**The records**
<<<<
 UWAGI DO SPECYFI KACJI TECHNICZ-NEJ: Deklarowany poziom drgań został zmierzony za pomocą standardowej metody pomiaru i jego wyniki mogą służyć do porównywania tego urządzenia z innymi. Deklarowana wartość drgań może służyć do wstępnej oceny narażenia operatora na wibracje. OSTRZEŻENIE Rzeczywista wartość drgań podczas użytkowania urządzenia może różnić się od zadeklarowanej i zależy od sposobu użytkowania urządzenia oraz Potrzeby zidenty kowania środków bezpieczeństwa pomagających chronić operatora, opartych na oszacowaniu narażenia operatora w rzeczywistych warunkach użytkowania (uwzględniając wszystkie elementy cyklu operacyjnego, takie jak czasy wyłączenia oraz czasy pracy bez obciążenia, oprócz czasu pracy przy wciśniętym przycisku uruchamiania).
>>>>
<<<<
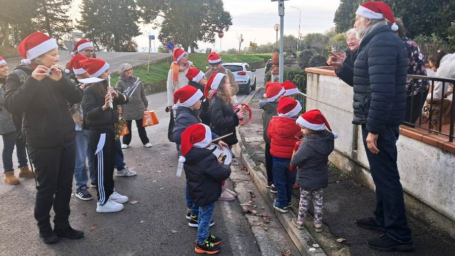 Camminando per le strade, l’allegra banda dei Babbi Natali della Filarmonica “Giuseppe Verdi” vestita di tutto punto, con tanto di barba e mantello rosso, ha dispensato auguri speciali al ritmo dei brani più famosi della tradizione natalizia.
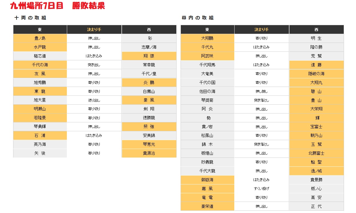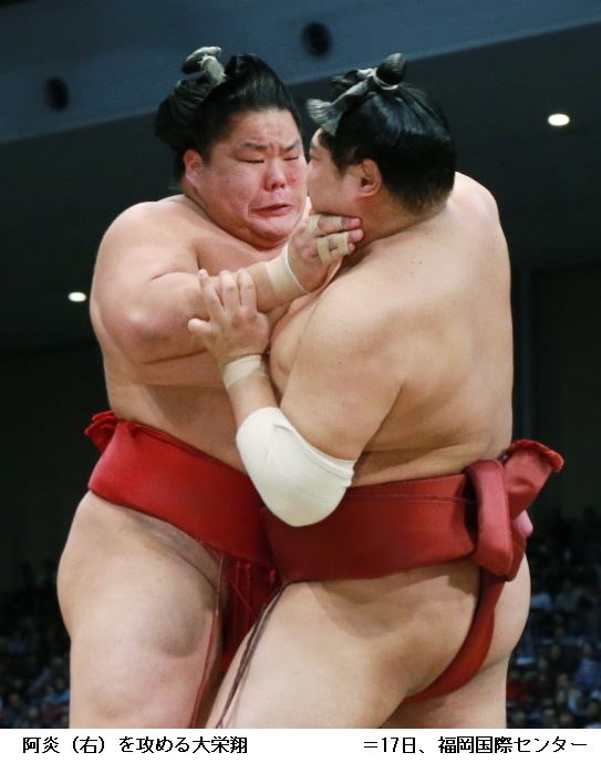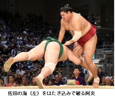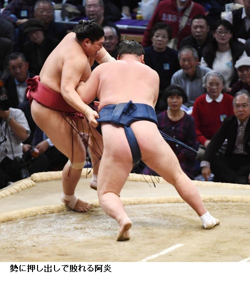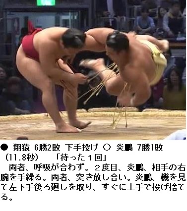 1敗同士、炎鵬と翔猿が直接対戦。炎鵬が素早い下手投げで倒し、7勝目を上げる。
>>>>
Retype, exactly and with no pictures, everything above from the line with "Camminando per le" down to the line with "1敗同士、炎鵬と翔猿が直接対戦。炎鵬が素早い下手投げで倒し、7勝目を上げる。", both included.

**Completed task**
 Camminando per le strade, l’allegra banda dei Babbi Natali della Filarmonica “Giuseppe Verdi” vestita di tutto punto, con tanto di barba e mantello rosso, ha dispensato auguri speciali al ritmo dei brani più famosi della tradizione natalizia.
 1敗同士、炎鵬と翔猿が直接対戦。炎鵬が素早い下手投げで倒し、7勝目を上げる。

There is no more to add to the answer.